In contrast to the conventional investment illustrated in
Implementation and management of the various embodiments of the present invention may be supported by the use of computers and software. For instance, accounting and tax information generated in accordance with the present invention may be generated and/or stored with the use of computers. Contracts and/or other documents needed to implement the invention may be generated and/or stored with the use of computers. Functionality to support billing, keeping track of accounts receivable, and other financial management tasks needed to manage the leases between the SPE Lessor 304 and the SPE Lessee 303, and/or the SPE Lessee 303 and the User Lessees 306, may be provided, at least in part, by computers. Accordingly, one skilled in the art will appreciate that computers may be used to support nearly any aspect of the present invention. However, one skilled in the art also will appreciate that the invention is not limited to any particular arrangement of computers used to support the invention.

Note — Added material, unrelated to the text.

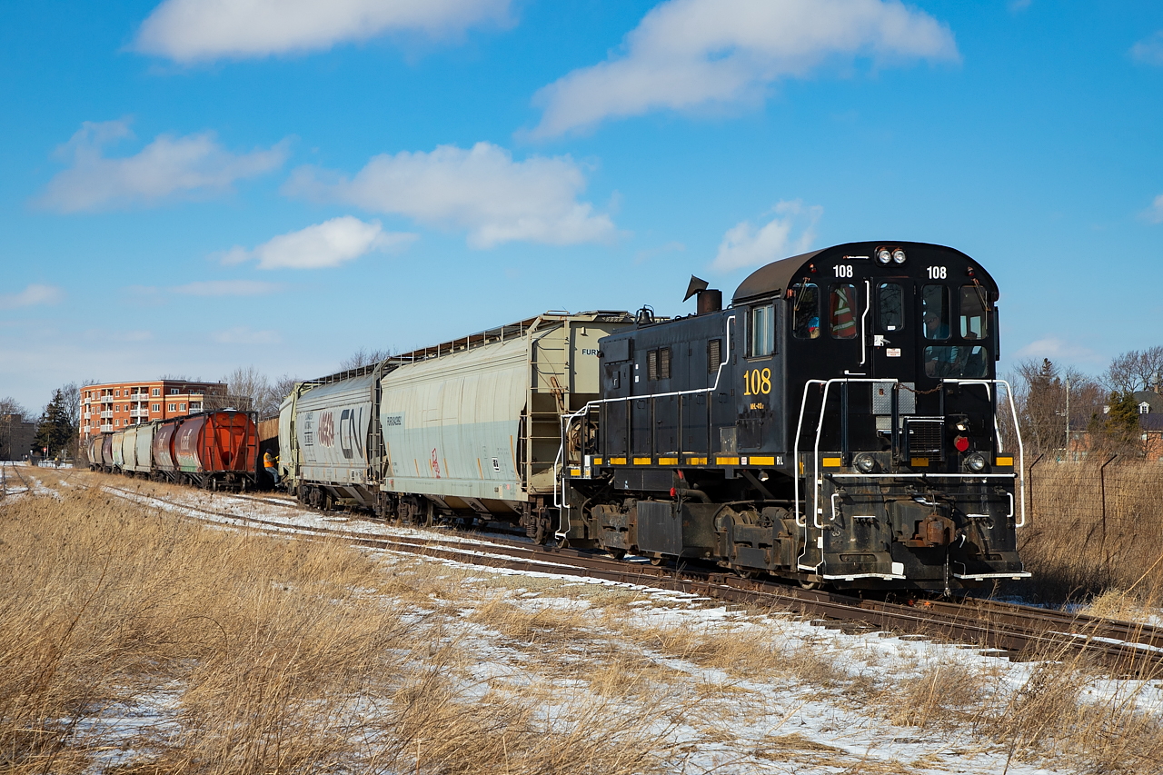 When I submitted this I’d neglected to realize Arnold had just posted a shot from many years prior of 108 in Port Colborne on it’s way to ADM, seen here: http://www.railpictures.ca/?attachment_id=44550

The term “computer” is intended to include any data processing device, such as a desktop computer, a laptop computer, a mainframe computer, a personal digital assistant, a Blackberry, and/or any other device for processing data, whether implemented with electrical and/or magnetic and/or optical and/or biological components, or otherwise.
It is to be understood that the exemplary embodiments are merely illustrative of the present invention and that many variations of the above-described embodiments can be devised by one skilled in the art without departing from the scope of the invention. It is therefore intended that all such variations be included within the scope of the following claims and their equivalents.